Exercise prompt -> A stretch of the entries below is to be set down exactly, running from the line with "Vintage Tiffany &" through the line with "High-angle view of", both included, and no other line.

Provided information ->
----------------------------------------

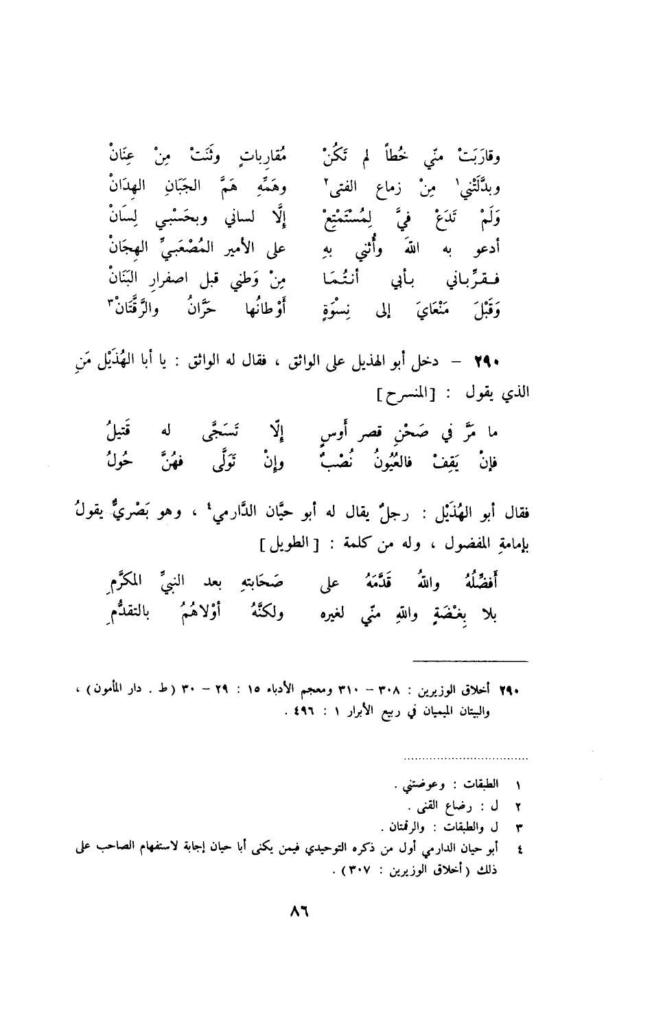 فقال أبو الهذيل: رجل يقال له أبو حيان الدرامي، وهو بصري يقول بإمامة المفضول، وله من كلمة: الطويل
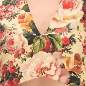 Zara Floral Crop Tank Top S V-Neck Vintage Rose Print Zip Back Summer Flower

----------------------------------------

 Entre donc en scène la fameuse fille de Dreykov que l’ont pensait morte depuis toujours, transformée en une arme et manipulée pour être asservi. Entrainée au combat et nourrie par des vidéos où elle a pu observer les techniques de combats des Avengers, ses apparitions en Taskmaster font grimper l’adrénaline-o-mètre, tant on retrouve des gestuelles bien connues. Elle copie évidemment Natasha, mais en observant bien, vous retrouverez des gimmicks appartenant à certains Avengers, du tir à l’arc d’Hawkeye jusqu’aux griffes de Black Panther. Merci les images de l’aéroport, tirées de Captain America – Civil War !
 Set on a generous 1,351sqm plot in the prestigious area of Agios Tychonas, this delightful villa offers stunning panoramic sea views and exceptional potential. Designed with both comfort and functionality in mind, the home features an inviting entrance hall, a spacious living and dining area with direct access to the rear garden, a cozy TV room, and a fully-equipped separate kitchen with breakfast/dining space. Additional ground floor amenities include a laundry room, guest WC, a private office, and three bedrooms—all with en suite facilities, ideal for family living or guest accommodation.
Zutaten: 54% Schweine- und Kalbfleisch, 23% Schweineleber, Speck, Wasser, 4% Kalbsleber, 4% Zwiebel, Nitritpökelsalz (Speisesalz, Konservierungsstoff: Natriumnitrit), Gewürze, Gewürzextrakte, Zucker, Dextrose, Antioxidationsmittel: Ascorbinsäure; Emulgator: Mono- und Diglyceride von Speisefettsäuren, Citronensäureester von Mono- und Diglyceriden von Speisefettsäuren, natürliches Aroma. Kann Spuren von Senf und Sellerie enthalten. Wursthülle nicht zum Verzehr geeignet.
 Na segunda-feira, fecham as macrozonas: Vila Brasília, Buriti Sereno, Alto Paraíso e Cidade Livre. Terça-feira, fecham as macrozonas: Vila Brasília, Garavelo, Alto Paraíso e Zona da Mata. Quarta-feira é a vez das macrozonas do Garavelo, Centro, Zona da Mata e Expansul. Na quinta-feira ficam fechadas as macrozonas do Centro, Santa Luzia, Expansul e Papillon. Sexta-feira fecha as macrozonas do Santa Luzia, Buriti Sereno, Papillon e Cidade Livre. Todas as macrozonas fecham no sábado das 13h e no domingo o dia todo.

----------------------------------------

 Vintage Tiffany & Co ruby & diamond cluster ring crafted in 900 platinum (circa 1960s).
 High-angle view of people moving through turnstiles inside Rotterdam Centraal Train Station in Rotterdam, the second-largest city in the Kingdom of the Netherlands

----------------------------------------

Problem solution ->
 Vintage Tiffany & Co ruby & diamond cluster ring crafted in 900 platinum (circa 1960s).
 High-angle view of people moving through turnstiles inside Rotterdam Centraal Train Station in Rotterdam, the second-largest city in the Kingdom of the Netherlands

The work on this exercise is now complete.